Administrative Areas

  • Council Fife
  • Parish Abdie
  • Former Region Fife
  • Former District North East Fife
  • Former County Fife

Early Medieval Carved Stones Project

Abdie (Lindores stone), Fife, Pictish symbol stone

Measurements: H 1.67m, W 0.55m, D 0.37m

Stone type: greenstone

Place of discovery: NO 2520 1698

Present location: in the Old Mort House at Abdie Churchyard (NO 2595 1633).

Evidence for discovery: first recorded around 1830 lying fallen on Kaim Hill above Lindores village (Skene). Sometime in the next two decades it was built into a garden wall in the village (Stuart), and in 1970 it was taken to Abdie.

Present condition: good

Description

This large natural block of stone is carved on two faces with Pictish symbols and later designs. On the broad face A there is incised a triple disc symbol above an ornate crescent and V-rod, apparently superimposed on an earlier rectangle. On face B there is a large incised mirror symbol with and double-disc type of handle. In later times, the straight line across the triple disc has been used as the top of an incised rectangular sundial, and later still an Ordnance Survey bench mark has been carved within the crescent symbol.

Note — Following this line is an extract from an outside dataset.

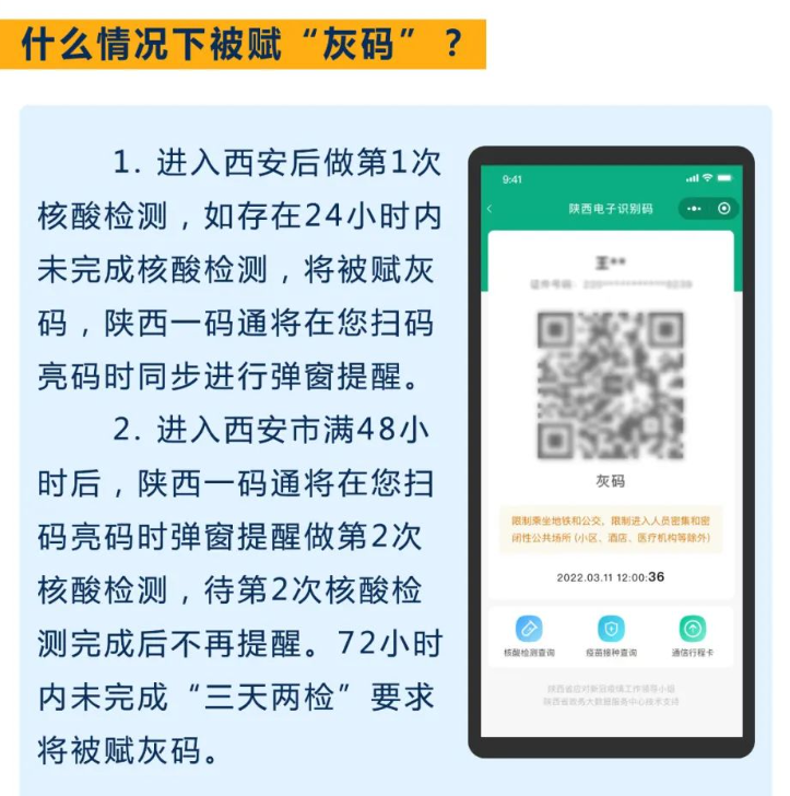 来(返)陕人员通过“一场两站”(机场、火车站、高铁站)和周边高速卡口进入西安后,未落实“三天两检”要求的将被弹窗提醒和赋灰码。

Date: seventh or eighth century.

References: Skene 1832, 17; Stuart 1856, 32; ECMS pt 3, 343-4; Ritchie & Ritchie 1982; Fraser 2008, no 78.

Compiled by A Ritchie 2016

Early Medieval Carved Stones Project

Abdie (Lindores stone), Fife, Pictish symbol stone

Measurements: H 1.67m, W 0.55m, D 0.37m

Stone type: greenstone

Place of discovery: NO 2520 1698

Present location: in the Old Mort House at Abdie Churchyard (NO 2595 1633).

Evidence for discovery: first recorded around 1830 lying fallen on Kaim Hill above Lindores village (Skene). Sometime in the next two decades it was built into a garden wall in the village (Stuart), and in 1970 it was taken to Abdie.

Present condition: good

Description

This large natural block of stone is carved on two faces with Pictish symbols and later designs. On the broad face A there is incised a triple disc symbol above an ornate crescent and V-rod, apparently superimposed on an earlier rectangle. On face B there is a large incised mirror symbol with and double-disc type of handle. In later times, the straight line across the triple disc has been used as the top of an incised rectangular sundial, and later still an Ordnance Survey bench mark has been carved within the crescent symbol.

Date: seventh century.

References: Skene 1832, 17; Stuart 1856, 32; ECMS pt 3, 343-4; Ritchie & Ritchie 1982; Fraser 2008, no 78.

Desk-based information compiled by A Ritchie 2016

Archaeology Notes

NO21NE 10 25952 16334

Sculptured Stone (NR)

OS 6" map, (1959)

A symbol stone, which originally stood on the crest of Kaim Hill (Name: NO 2620 1698), has been built into the garden wall of a nearby cottage. It measures 4' high by 1'10" and has been defaced by a bench mark, and the large central disc of the upper symbol has been slit by the hole which took the gnomon of a sun-dial; the divisions of this, and Roman numerals, can also be seen. A curious additional feature is a shallow pecked line following the outline of a rectangle which can be detected running across the lower half of the upper symbol, down through the extremities of the crescent and across the bottom of the face wall below the latter. This outline appears to have been cut by the symbols, but an intensive examination would be necessary before its exact status could be accurately known, and whether the symbols have been to some extent re-cut.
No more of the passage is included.